WHAT YOU SHOULD DO: The entries that follow include a run beginning at the line with "تیشرت زنانه پارچه" and ending at the line with "选择最具战略意义的6位英雄。利用通过战斗获得的金币和宝石,强化英雄,释放潜力。"; restate that run word for word and leave the rest out.

THE RECORDS:
__________________________________________________

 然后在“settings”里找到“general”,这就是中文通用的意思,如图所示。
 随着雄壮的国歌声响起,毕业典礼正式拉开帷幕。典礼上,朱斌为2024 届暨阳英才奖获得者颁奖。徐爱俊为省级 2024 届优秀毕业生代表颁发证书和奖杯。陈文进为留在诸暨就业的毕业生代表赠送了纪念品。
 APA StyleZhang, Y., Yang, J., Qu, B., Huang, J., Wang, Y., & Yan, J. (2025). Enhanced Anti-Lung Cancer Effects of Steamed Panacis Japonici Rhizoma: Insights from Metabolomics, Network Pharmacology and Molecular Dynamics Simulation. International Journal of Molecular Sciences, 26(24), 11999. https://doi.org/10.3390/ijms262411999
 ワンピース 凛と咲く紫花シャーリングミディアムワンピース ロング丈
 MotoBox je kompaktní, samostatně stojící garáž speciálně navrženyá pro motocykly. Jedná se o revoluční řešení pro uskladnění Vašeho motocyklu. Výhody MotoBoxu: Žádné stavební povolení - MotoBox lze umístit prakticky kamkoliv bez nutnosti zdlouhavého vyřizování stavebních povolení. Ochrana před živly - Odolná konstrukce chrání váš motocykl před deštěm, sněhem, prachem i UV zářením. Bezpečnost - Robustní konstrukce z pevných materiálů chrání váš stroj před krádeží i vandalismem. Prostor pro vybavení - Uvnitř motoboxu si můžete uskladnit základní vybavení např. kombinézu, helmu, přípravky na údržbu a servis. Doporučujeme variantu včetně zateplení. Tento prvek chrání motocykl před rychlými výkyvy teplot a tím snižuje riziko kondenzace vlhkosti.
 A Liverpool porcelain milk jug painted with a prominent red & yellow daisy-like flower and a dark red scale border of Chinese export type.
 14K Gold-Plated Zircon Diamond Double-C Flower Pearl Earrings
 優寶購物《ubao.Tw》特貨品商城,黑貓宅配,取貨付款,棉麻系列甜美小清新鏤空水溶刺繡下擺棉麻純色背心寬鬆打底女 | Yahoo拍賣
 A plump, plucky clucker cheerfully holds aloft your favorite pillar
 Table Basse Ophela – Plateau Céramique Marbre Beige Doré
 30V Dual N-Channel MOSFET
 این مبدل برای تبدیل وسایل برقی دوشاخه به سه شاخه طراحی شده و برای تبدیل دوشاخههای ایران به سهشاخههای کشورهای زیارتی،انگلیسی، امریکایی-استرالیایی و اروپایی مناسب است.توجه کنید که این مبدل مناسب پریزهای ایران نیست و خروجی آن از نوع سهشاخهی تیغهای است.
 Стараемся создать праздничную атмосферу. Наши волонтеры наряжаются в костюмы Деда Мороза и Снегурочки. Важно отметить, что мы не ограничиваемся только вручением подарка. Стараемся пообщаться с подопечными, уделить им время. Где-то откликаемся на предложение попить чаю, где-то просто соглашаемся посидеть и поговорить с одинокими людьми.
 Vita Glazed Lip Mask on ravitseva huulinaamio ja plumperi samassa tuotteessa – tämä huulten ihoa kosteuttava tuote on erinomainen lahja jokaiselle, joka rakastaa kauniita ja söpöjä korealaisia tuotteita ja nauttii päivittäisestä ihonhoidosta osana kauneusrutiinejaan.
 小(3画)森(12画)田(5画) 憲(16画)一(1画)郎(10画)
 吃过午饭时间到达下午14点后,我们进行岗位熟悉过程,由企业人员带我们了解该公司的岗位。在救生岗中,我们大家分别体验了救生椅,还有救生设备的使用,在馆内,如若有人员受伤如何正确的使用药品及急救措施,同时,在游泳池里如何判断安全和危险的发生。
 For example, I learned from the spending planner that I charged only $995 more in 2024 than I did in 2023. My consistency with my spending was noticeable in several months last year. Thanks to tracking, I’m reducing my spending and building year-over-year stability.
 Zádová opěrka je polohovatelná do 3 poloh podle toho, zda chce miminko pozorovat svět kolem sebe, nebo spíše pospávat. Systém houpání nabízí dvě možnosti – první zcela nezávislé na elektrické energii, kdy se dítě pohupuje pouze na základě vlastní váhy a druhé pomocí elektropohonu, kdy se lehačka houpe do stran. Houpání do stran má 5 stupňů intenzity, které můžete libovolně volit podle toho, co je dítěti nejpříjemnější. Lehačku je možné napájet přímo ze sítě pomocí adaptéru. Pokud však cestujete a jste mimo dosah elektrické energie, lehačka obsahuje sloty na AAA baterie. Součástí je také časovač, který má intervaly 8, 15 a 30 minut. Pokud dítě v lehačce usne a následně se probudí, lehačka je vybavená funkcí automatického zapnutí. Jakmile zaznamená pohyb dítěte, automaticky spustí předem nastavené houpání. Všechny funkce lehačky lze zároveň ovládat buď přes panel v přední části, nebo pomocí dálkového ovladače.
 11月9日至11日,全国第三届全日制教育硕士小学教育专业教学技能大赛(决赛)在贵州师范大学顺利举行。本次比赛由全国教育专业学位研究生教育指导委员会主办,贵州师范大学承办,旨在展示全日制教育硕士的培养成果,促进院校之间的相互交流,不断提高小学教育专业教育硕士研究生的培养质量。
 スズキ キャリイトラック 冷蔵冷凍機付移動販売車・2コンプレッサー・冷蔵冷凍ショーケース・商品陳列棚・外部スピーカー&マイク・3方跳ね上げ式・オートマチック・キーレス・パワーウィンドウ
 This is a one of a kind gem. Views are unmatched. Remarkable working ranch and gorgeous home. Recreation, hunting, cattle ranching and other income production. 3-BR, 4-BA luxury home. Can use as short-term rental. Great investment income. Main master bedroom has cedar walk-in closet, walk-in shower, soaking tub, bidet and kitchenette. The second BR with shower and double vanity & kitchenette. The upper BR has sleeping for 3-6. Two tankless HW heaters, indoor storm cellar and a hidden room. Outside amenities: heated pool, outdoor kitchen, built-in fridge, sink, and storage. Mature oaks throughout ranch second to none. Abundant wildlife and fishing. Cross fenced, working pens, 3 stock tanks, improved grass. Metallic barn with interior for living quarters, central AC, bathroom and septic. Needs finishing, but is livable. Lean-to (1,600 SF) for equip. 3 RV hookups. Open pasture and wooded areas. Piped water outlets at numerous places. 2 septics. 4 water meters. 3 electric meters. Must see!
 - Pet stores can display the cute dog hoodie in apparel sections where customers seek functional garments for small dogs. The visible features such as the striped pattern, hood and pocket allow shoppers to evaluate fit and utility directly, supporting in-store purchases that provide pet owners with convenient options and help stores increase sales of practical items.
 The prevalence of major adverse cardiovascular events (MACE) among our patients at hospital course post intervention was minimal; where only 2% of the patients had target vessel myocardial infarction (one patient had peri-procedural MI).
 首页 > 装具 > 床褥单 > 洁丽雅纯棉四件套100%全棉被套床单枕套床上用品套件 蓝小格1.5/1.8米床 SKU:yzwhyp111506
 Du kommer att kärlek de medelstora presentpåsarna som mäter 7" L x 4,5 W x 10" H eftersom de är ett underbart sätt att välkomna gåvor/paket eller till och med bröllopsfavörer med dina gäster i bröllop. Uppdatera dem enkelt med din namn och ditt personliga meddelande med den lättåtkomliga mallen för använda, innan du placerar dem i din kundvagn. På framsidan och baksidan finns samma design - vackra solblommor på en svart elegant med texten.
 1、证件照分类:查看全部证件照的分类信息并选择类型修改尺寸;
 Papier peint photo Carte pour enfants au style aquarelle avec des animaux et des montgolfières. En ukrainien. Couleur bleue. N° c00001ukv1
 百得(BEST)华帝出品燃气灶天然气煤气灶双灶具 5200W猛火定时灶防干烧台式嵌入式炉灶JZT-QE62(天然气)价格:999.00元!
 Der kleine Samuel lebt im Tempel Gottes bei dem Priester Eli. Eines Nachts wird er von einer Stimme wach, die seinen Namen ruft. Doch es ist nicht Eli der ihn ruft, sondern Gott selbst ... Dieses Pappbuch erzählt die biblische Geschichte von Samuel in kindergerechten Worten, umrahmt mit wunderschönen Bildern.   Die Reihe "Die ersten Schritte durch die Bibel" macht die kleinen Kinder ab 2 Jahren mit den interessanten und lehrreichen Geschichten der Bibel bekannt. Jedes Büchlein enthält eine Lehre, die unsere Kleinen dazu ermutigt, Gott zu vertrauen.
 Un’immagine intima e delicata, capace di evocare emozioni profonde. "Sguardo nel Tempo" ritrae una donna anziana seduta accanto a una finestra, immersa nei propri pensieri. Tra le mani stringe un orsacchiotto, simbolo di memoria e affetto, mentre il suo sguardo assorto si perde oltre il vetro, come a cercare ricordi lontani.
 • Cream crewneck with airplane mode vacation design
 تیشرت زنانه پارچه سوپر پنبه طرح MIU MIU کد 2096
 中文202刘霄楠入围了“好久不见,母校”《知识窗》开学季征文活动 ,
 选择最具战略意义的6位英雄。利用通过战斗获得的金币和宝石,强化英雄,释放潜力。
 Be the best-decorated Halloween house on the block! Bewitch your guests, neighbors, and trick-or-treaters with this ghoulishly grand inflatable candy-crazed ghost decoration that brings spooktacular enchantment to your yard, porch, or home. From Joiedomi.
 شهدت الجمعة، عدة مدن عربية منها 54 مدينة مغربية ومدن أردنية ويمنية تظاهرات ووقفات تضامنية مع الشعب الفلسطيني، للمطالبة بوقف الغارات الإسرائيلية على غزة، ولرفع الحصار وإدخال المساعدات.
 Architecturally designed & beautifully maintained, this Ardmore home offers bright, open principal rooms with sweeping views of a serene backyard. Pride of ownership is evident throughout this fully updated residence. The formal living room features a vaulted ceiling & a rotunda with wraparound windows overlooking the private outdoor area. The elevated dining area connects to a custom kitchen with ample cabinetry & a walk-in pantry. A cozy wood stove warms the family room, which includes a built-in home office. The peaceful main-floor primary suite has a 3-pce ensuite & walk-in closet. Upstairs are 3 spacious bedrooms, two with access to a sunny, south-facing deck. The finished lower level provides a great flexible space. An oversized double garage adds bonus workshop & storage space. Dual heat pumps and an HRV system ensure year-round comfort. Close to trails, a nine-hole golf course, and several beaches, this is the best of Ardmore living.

__________________________________________________

ANSWER AREA:
 تیشرت زنانه پارچه سوپر پنبه طرح MIU MIU کد 2096
 中文202刘霄楠入围了“好久不见,母校”《知识窗》开学季征文活动 ,
 选择最具战略意义的6位英雄。利用通过战斗获得的金币和宝石,强化英雄,释放潜力。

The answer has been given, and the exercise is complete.